T2T genome evaluation
1) The continuity of genome assembly was assessed by the position and number of gaps on the genome, as shown in table 4.
Table 4:0gap genome
2) Using software bwa (version: 0.7.17-r 1188) and comparing (mapping) the quality control reads (clean reads) obtained by the second generation high throughput sequencing (such as the Illumina sequencing platform) to the reference genome. The statistical second-generation alignment and coverage are shown in table 5.
Table 5:
note that: sample name: sample name; mapping rate (%): the comparison rate; paired mapping rate (%): double-end comparison rate; average sequencing depth: average sequencing depth; coverage (%): coverage; coverage at least 4X (%): coverage above 4X depth; coverage at least 10X (%): coverage above 10X depth; coverage at least 20X (%): coverage above 20X depth.
3) Software BUSCO (version: 4.1.4; parameters: -evaluation 1 e-05) to evaluate the integrity of the genome assembly, the results are shown in table 6. At better genome integrity, the Complete BUSCOs (C) ratio in the B USCO evaluation in the T2T genome is typically greater than 95%.
Table 6: integrity assessment results of genome assembly
Note that: complete BUSCOs are Complete BUSCO; complete and single-copy BUSCOs are complete and single copy BUSCOs; complete and duplicated BUSCOs is complete but multicopy BUSCO; fragmented BUSCOs is incomplete BUSCO; the Missing BUSCO is Missing BUSCO; total BUSCO groups searched is the total number of conserved protein genes recorded in BUSCO pool used this time.
4) The results of the kmer statistics through the second generation data and the genome are shown in table 7. The number of the kmer species and the distribution thereof were compared to judge the quality and accuracy of genome assembly.
Table 7: genome assembly QV value statistics
qv completeness(%) length N50 ReadsNum
45.1739 99.1838 397,733,901 32,070,994 12
Note that: qv is the qv value used to assess genome quality; complexation is used to assess genome integrity; length is the genome length; n50 is N50 of contig grade, namely all contigs are sequentially accumulated after being sequenced from long to short, and when the added length reaches half of the total length of the genome, the last contig length is N50; reads Num is the number of contig-level genome Reads.
5) The results of the telomere sequence identification were based on the telomere region base repeat sequence (CCCTAAA at the 5 'end and ttaggg at the 3' end) and are shown in table 8.
Table 8: telomere repeat statistics
/>
6) Centromere sequence identification
(I)ChIP-Seq
After obtaining centromere ChIP-seq data, screening by comparison with genome sequence to obtain data with single copy on genome, and anchoring the data to genome of corresponding species to obtain ChIP-seq enriched peak diagram indicating centromere region.
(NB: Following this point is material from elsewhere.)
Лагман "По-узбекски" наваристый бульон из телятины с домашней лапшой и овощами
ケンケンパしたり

This method has been used for precise localization of the genome of centromeres.
(II) FISH verification
Fluorescent In Situ Hybridization (FISH) verification combined with cytology eventually allows identification of centromeric region specific repeat sequences.
11. Final T2T version Hi-C interaction heat map
After telomere extension, gap supplementation and error correction, a new chromosome-level Hi-C interaction heat map is obtained through Hi-C data again by using the final T2T version genome, and whether the previous operation is correct or not is identified through the abnormality of interaction signals in the heat map as shown in figure 4.
12. Co-linearity analysis
Comparing the assembled genome with historical genome version of the target species; the analysis was limited to historical genomic versions of species and the results of the colinear analysis are shown in figure 5. The historical genome version is a genome obtained by another T2T assembly method.
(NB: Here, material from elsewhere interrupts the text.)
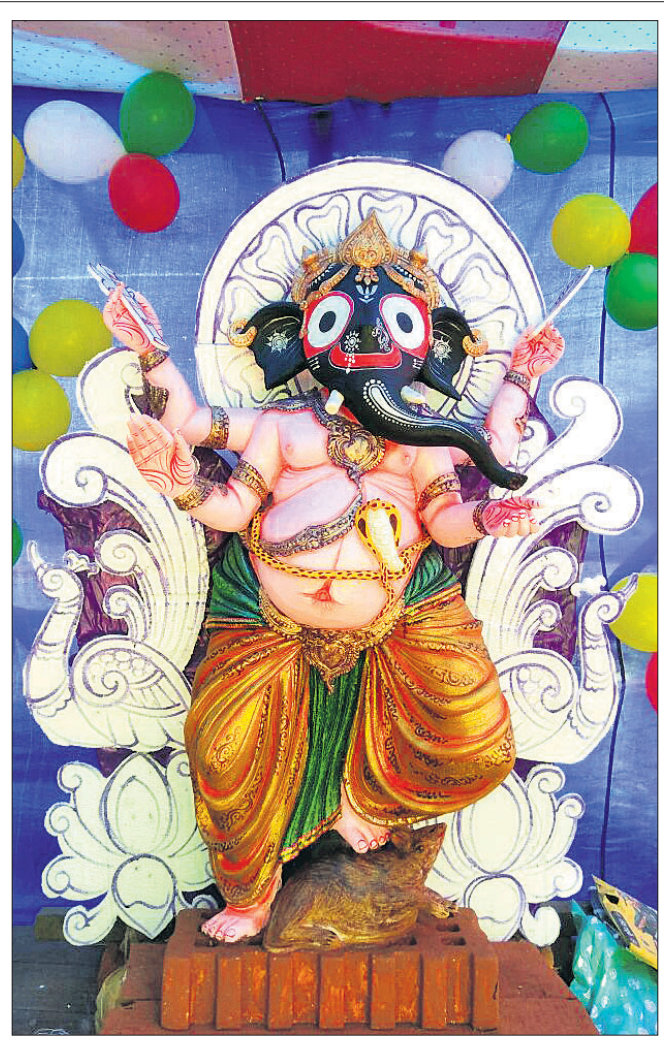
ଭଦ୍ରକ ଜିଲ୍ଲା ବଡ଼ ବୁକ ଆରମ୍ଭପୂର୍ଣ୍ଣା ପୂଜା କମିଟି ପକ୍ଷରୁ ପୂଜା ପାଉଥିବା ଗଜାନନଙ୍କ ଜରନାଥ ବେଶ ।
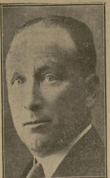
Sr. Largo Caballero

The present invention is not limited to the details and embodiments described herein, and further advantages and modifications may readily be achieved by those skilled in the art, so that the present invention is not limited to the specific details, representative solutions and examples described herein, without departing from the spirit and scope of the general concepts defined by the claims and the equivalents.

Claims (9)

1. A high-throughput sequencing-based animal and plant genome T2T assembly method, which is characterized by comprising the following steps:
s1, based on sample sequencing, respectively performing ONT ultra-long sequencing data assembly and HiFi sequencing data assembly;
s2, removing redundancy of assembly results of the two routes based on a genome size evaluation result;
s3, respectively carrying out HiC mounting on the assembly results of the two routes to obtain a chromosome level reference genome gap;
s4, performing third-generation error correction on the ONT line genome centromere region, and performing second-generation error correction on the ONT line genome based on second-generation data;
s5, comparing terminal fragments based on original data, reassembling according to the abundance of the telomere repeated base sequence, replacing terminal telomere sequences through comparison, and extending telomeres of two lines;
s6, respectively supplementing gap and HiFi error correction to the genome sequence;
s7, adjusting chromosomes by combining genome sequencing of known species to obtain assembled genomes;
the telomere extension process in the step S5 is as follows:
s51, comparing each chromosome with original data respectively, collecting all fragments which are compared once in a fixed length at the tail end of the chromosome, calculating the times of occurrence of telomere repeated base sequences in each fragment, defining the fragment with the largest occurrence times as ref, and reassembling ref and the query to obtain a consistency sequence;
s52, comparing the identical sequences to each chromosome respectively, and replacing the terminal telomere sequences by taking the optimal comparison result.
2. The method for assembling animal and plant genome T2T according to claim 1, wherein the third generation of error correction in step S4 is: iterative rounds of three-generation error correction were performed on the ONT genomic centromere region using the k-mer anchoring method.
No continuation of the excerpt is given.